Customer Growth. SJG added
approximately 7,600 new customers over the last 12 months and now
serves approximately 409,000 customers. SJG’s 1.7% customer growth
rate compares favorably to the peer average and remains driven by
gas conversions from alternate fuels such as oil and propane, and
new construction.
Infrastructure Modernization.
Through infrastructure replacement programs, SJG enhances the
safety and reliability of our system while earning our authorized
utility return on approved investments in a timely manner. SJG's
Accelerated Infrastructure Replacement Program (AIRP II) authorized
investment of $302.5 million from 2016-2021 for infrastructure
replacement upgrades. Our investment of approximately $69 million
from July 2020 to September 2021 is anticipated to be rolled into
rates on January 1, 2022. SJG's Storm Hardening and Reliability
Program (SHARP) authorized investment of $100 million from
2018-2021 for four projects to enhance the safety, redundancy and
resiliency of the distribution system along our coastal
communities. Our investment of approximately $23 million from July
2020 to June 2021 was rolled into rates on October 1, 2021.
IIP Proposal. In November 2020,
SJG filed a request with the BPU for approval of an Infrastructure
Investment Program (IIP) that would accelerate planned capital
expenditures to enhance the delivery of safe, reliable, affordable
natural gas, create jobs, and support the State’s environmental
goals. Under the proposed five-year program, SJG will invest
approximately $742.5 million to replace 825 miles of aging steel
mains and install excess flow valves on new service lines. These
enhancements ensure the continued safety and reliability of SJG's
system. Settlement discussions continue to progress toward a final
resolution.
Energy Efficiency. Through
energy efficiency programs, SJG advances New Jersey’s clean energy
goals in a manner that benefits customers, the environment and the
State’s green economy while recovering our investments in a timely
manner. SJG's energy efficiency program, as approved by the BPU in
April 2021, authorizes investment of $133.2 million from July 1,
2021 to June 30, 2024. Our investment of approximately $40 million
from July 2021 to June 2022 commenced recovery in July 2021.
Redundancy. In August, the BPU
approved SJG's engineering and route proposal to construct system
upgrades in support of a planned 2.0+ Bcf liquefied natural gas
(LNG) facility. This project is critically important to ensure
service is not interrupted to our customers in the event of a
significant outage, either behind our city gate, or on one of the
two interstate pipelines that serve the SJG system.
Pre-construction engineering and permitting of the project has
commenced.

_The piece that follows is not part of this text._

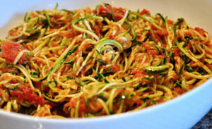 - Pour simmering sauce over raw zucchillini noodles in large serving bowl and let stand until desired “noodle” tenderness is achieved (5 – 10 minutes).

We also continue to explore alternatives that will allow
for a secondary supply of gas needed to create reliability and
resiliency for approximately 140,000 customers in Atlantic and Cape
May counties.
Elizabethtown Gas
Performance. Third quarter 2021
GAAP earnings were $(1.7) million compared with $(8.6) million in
2020. Third quarter 2021 economic earnings were $(9.5) million
compared with $(8.6) million in 2020. Utility margin, as previously
defined, remained generally consistent, reflecting customer growth
and the roll-in of investments from infrastructure replacement
programs. Total expenses increased $0.9 million, primarily
reflecting higher depreciation and interest expenses.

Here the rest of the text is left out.